Saturday, January 28, 2006

Success Card #5

The value of life is not the length of it,
but the use we make of it.

~ Michel de Montaigne


This means more to me tonight than it did this morning. You see, this morning, I started this post out talking about how I could be related, in some distant fashion, to the author of the quote. Then I spoke of my American Heritage. Then I went and ran a race, but only as a training run. I came home. Dinked around on my computer for a bit. Thought about calling my mother, but got side-tracked by something else. Tried, unsuccessfully, to take a nap. Got up and made something to eat, instead.

Then, a little after 6 pm, my mom calls me. She is complaining of a pain in her back. A little more probing on my part and I discover that her pain is in the back of her shoulder. Her left shoulder. I ask if she was nauseous as well. She says a little. I told her I thought we should call 911. Her automatic response, "Do you think so?" "Yes, Mom. I do." Well, because of her hoarding she naturally didn't want to do that. I asked her if she wanted me to come get her. She did.

Twenty-five minutes later, I knock on her door. I try to open it. It's locked, of course. I hear her inside telling me she's coming. She steps onto the dark porch with her bag and book in hand, closing the door behind her. I ask her if she has a coat, for she is not wearing one. She says yes, then tells me she thinks she is sicker than she thought and asks me to take her things. I do.

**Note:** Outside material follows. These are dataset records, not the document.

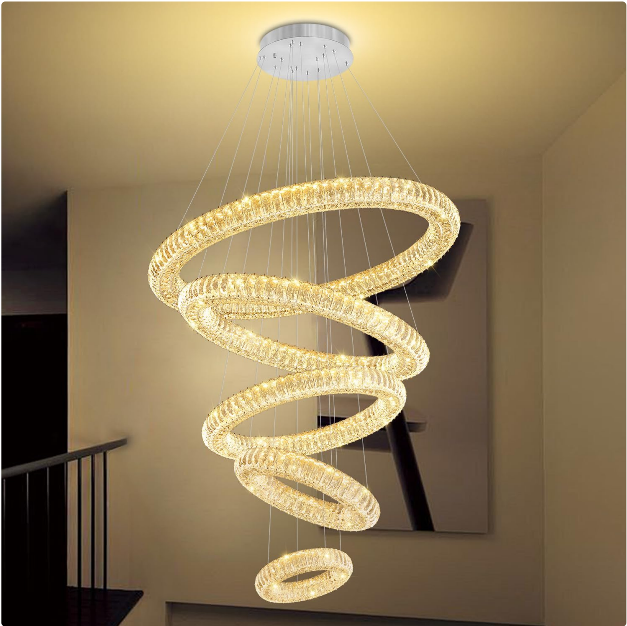
Image: The IDEQUY 5 Ring Chandelier, showcasing its design and illumination.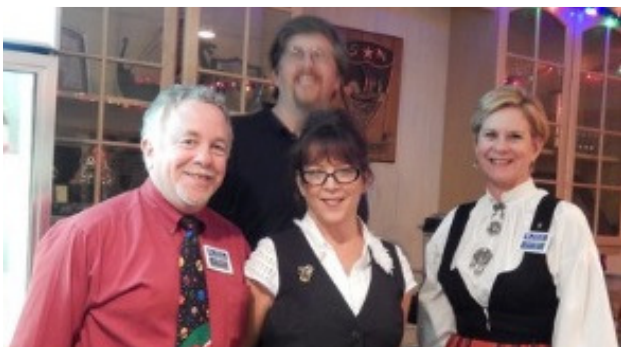
The intrepid bar crew from the Lutefisk Dinner.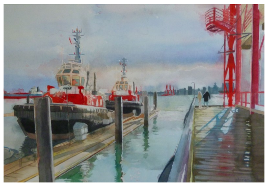
41. Sandrine Pelissier Tugboats 22 x 15", Watercolour & Mixed Media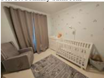
Pic. 13: Bedroom 3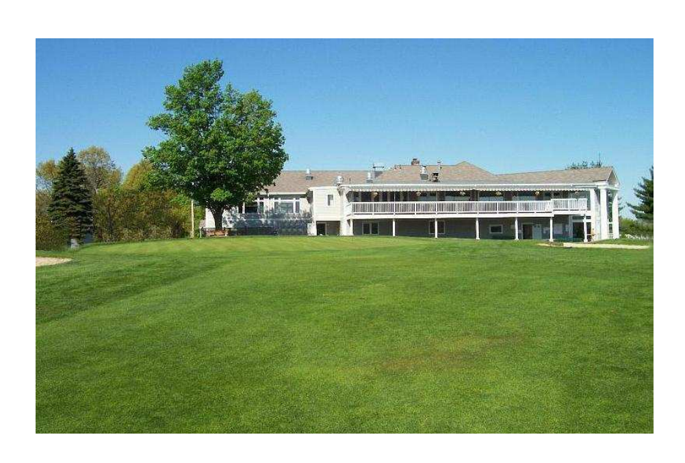
Ludlow Country Club's home hole and clubhouse

*We accept Visa, Mastercard and American Express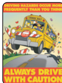
S1124 Driving Safety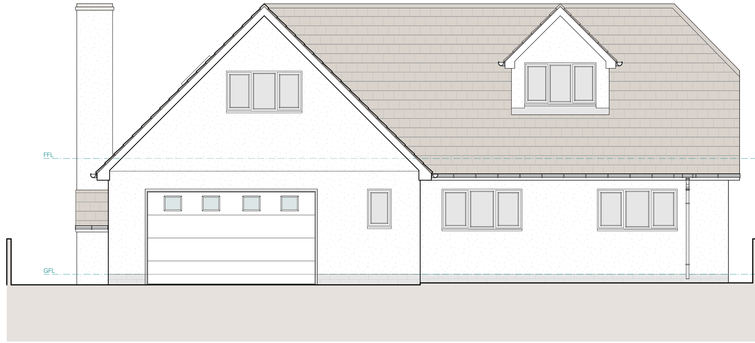
Existing East Elevation 1:50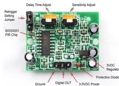
Figure 2: PIR (Passive Infrared Sensor)

PIR stands for passive infrared sensor is an electronic sensor that measures the infrared light being emitted by an object. They are generally used for motion detectors. PIR is used to detect movement. An individual PIR sensor detects change in amount of infrared radiation when some object comes and pass there is change in infrared radiation which change into an output voltage and this trigger the detection[7]. PIR have an angle of detection of 120 degree for sensing any change in infrared radiation. In this circuit as soon PIR senses any kind of change in heat radiation it makes output high which is given to Arduino as an input and further depending upon whether circuit is working in home automation or home security is will switch ON appliances or buzzer respectively.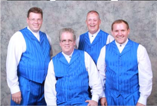
The G Men 1541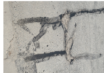
Whispering Woods Lane, May 2024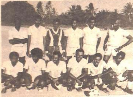
LAMU KIDS - the newly formed Lamu side, Brighter Star FC, all set to clinch Next Year's District League, seen posing during a training session.

Our Kenya National Football League Representative, Wanderers travels to Nairobi to take on AFC Leopards tomorrow (Saturday) at Nyayo National Stadium before meeting Reunion in another Superleague match at City Stadium on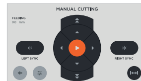
User-friendly software design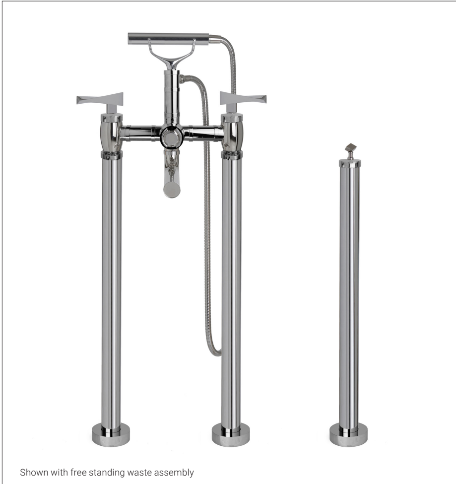
Shown with free standing waste assembly

Modern Exposed Free Standing Waste Assembly with Tangent Pull XP-WASTE-1091-XX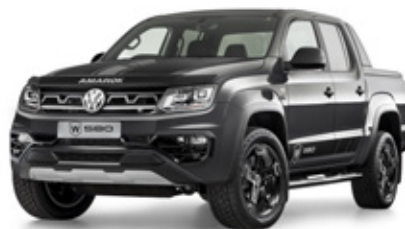
Indium Grey (PE)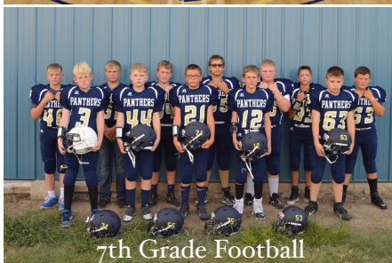
7th Grade Football

I try to discover a little more about what is wrong with her. I'm holding onto her hand. Why does she think she is sicker? All she wants to do is sit down. There is a chair on the porch, but because of all the trash, it's hard for me to maneuver her there. She starts to weave, but is still standing upright. "Mom," I say, "Tell me what's going on. Tell me why you think you are sicker." But before she can respond, she collapses on the front porch. My mother is a large woman and there was no way I could keep her from falling. She smacks her head on the screen door.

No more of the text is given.